Complex love stories that analyzed the female psyche and went way beyond the “chick flick” stereotype were paired with films about the modern black American experience, helped to make 2015 a better year for American films, in terms of diversity.
5. “Chi-Raq” — Spike Lee’s “Chi-Raq” is not only the director’s best film in years, but perhaps his most important one. A timely film, “Chi-Raq’s” title takes its origins from the dangers of the South Side of Chicago, where the death toll is higher than that of the American soldiers who served in the Iraq War. A searing indictment of gun rights, the film is a fiendishly brilliant satire that deconstructs masculinity and a powerful tragedy about the racial violence that stems from a terrible system of legislation. “Chi-Raq” is a multi-storied epic film with more genre bending than any recent picture in years. Oh and it’s also a hip-hop musical!

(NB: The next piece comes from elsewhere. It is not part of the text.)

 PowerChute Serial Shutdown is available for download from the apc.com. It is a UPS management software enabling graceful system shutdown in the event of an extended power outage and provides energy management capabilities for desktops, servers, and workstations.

4. “The End of the Tour” — David Foster Wallace. You might’ve heard the name. The American author of the postmodern classic “Infinite Jest” gets a well-deserved treatment in James Ponsoldt’s “The End of the Tour.” The titular tour refers to a real life interview of Wallace, who was interviewed over the period of five days by writer David Lipsky, played with a slight attitude by Jesse Eisenberg. But the real hero is Jason Segal, who plays Wallace brilliantly, showing the genius as a shrewd but inviting writer, whose constant struggle of depression laid beneath his soft spoken, cool exterior. At its best, “The End of The Tour” is profoundly moving, searching for the beautiful yet painful things that make us human.

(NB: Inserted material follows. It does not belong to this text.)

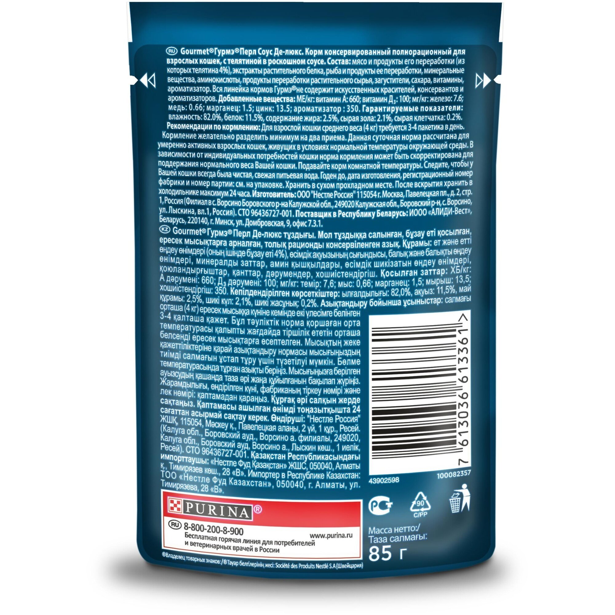 Влажный корм Паучи Пурина Гурмэ Перл Соус Де-люкс для взрослых кошек с телятиной (цена за упаковку) 75г х 26шт
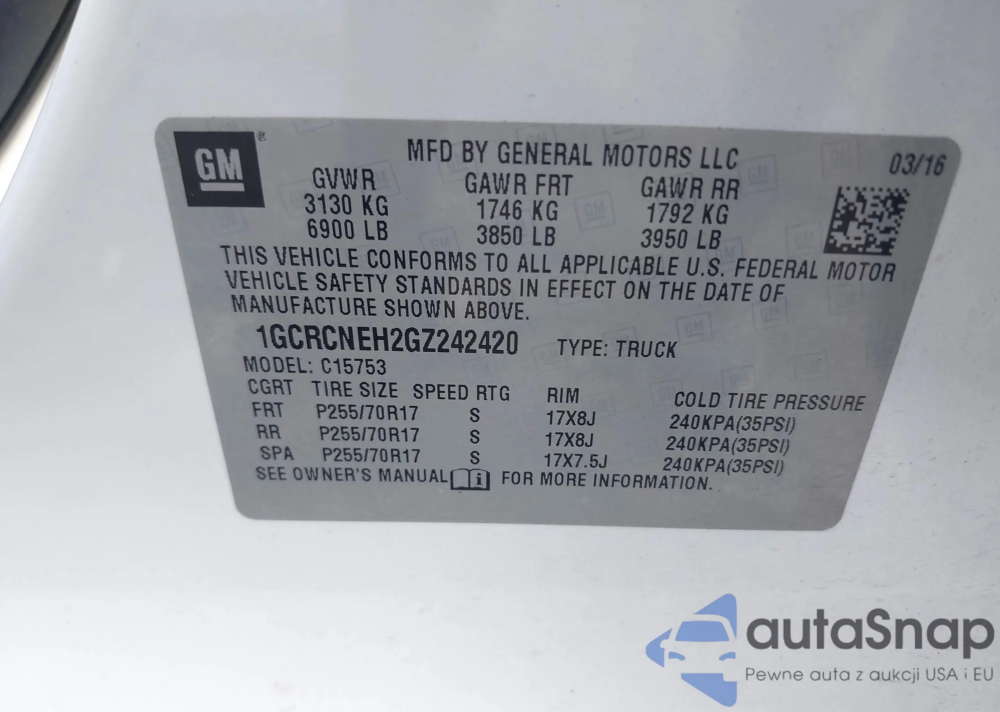 • VIN 1GCRCNEH2GZ242420

3. “Mad Max Fury Road” — This is an intense, in your face action thriller that is violent — poetically violent. “Fury Road” has our lead character, Max join female sex slaves to escape from the corrupt importune Joe. The film is at its most memorable when director George Miller turns the intensity level to the ninth degree, as engines collide, cars crash and rival desert gangs jump from one monster truck to the next. Miller’s imaginative car chase sequences have a relentless adrenaline rush seeping through them. But it’s the quiet, small moments that make the large moments count — whether it be female warrior Imperator Furiosa wanting to go back home or Max realizing his destiny. It’s a simple story that can be defined as one big chase sequence. Simple, but great inventiveness bounds.

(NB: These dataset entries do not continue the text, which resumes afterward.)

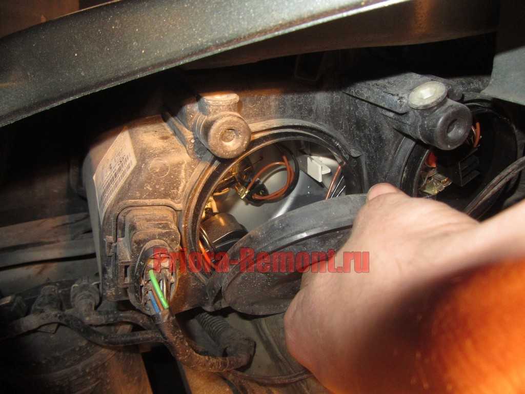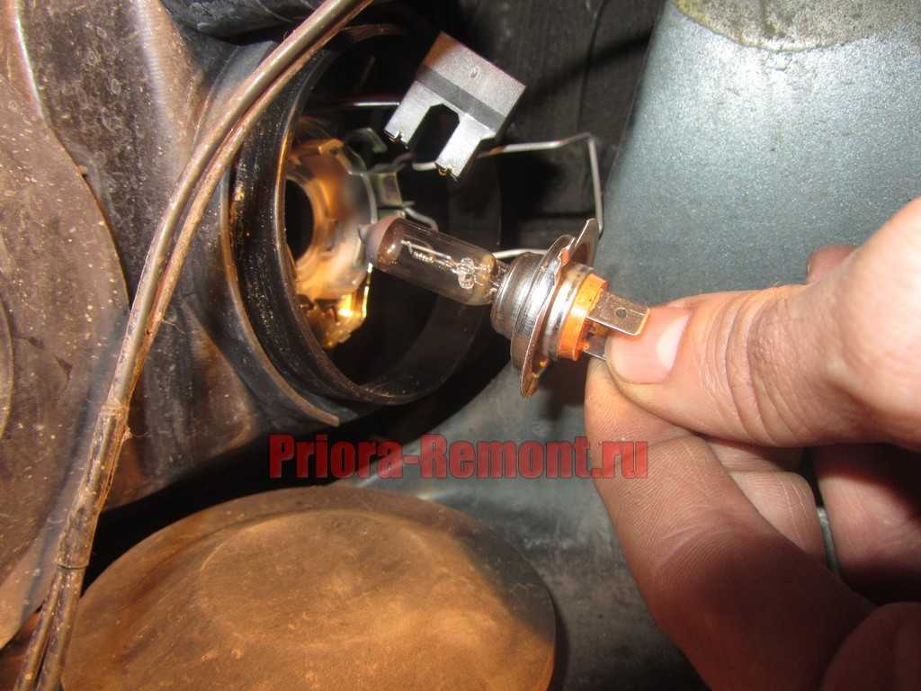 Фото отчет по замене лампы ближнего и дальнего света на Приоре
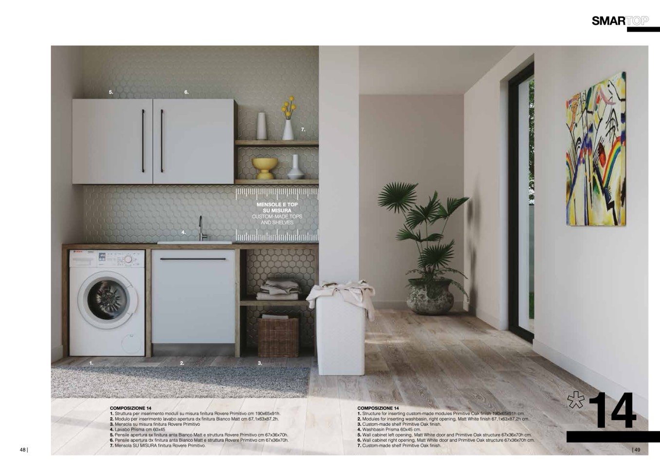 6. Pensile apertura dx finitura anta Bianco Matt e struttura Rovere Primitivo cm 67x36x70h.
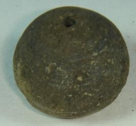 | Description / विवरण | Terracotta bead, with flat circular base and a small depression on the centre, betel nut in shape, a perforated hole at the centre to put it in a string. Close striation marks are prominent on the body. |
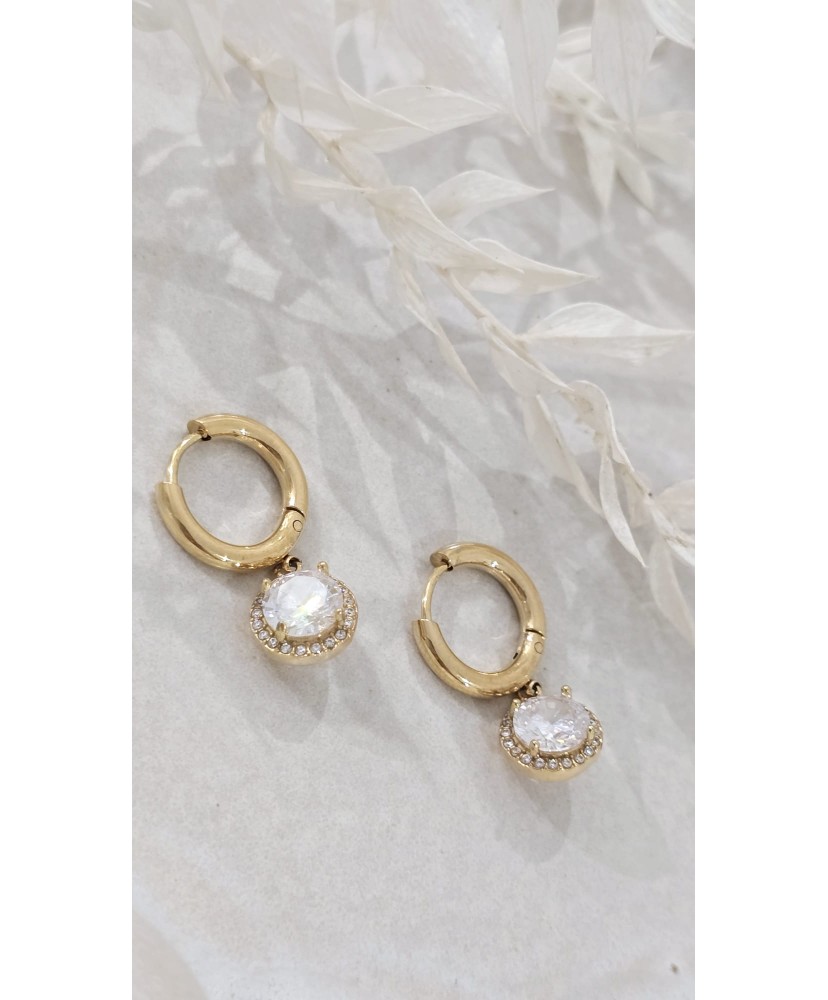Créoles Dorées Acier Pendant Pierres Zircon Halo
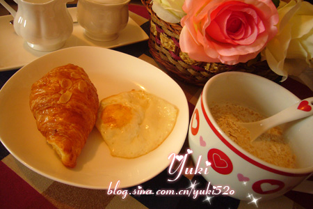 谷物早餐:牛角面包,煎蛋,牛奶&燕麦片
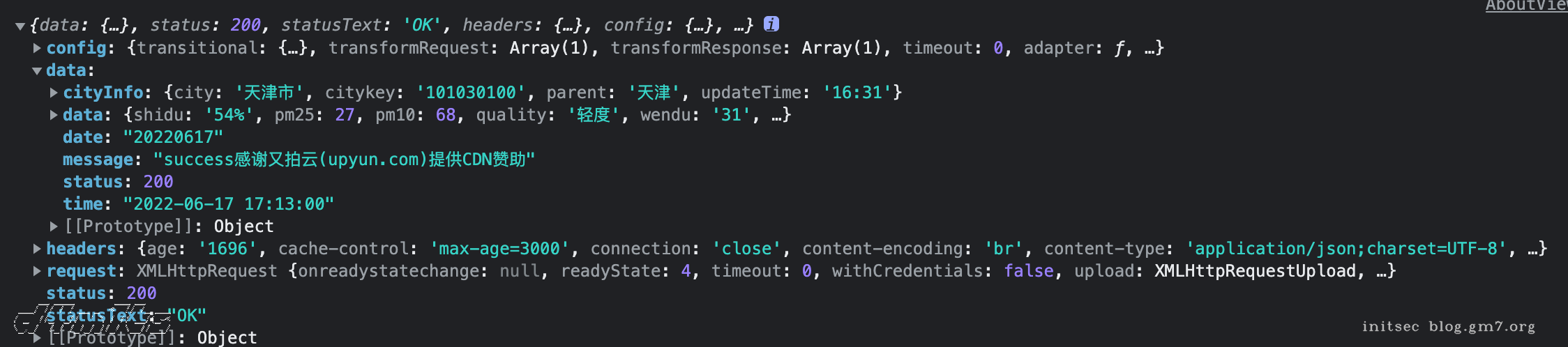 以某天气API http://t.weather.sojson.com/api/weather/city/101030100 为例,如果直接本地用axios发起get post请求,肯定是拿不到数据的,因为有CORS策略的限制。

2. “The Revenant” — Alejandro G. Inarritu’s “The Revenant” is beautifully photographed and a hauntingly mournful reminder of Native American genocide at the hands of European and American settlers. “The Revenant” is more than a simple revenge film. Leonardo DiCaprio does the greatest work of his career as the white frontiersman Hugh Glass, who’s buried alive after his Native American son is left for dead at the hands of John Fitzgerald (Tom Hardy), a snarling, angry brute. Inarritu’s vision of Glass’ journey from the dead to his revenge on Fitzgerald is one that is full of negative space framing that adds to the desolation of Glass. For Fitzgerald, the past metaphorically comes back through Glass and for America; its own past may come back if the country keeps avoiding its troubled history. Only then will progress come about.
1. “The Big Short” — If you told me that Adam McKay, director of goofball comedies such as “Step Brothers” and “Anchorman,” would make the best film in 2015, I would think you were as crazy as the heroes of “The Big Short.” Well, talk about irony. “The Big Short” is the perfect tragicomedy for these times and a masterpiece of Wall Street-based filmmaking. McKay miraculously stitches together the story of the handful of men — some hedge fund managers, some traders — who boldly predicted the financial collapse of 2008. Their prediction was directly based on the flawed housing market at the time. McKay uses celebrity cameos to break the fourth wall and satirical montages to help explain the financial jargon he throws at you. But don’t be afraid of the words. Be afraid of the truth, which urgently pulsates throughout this film.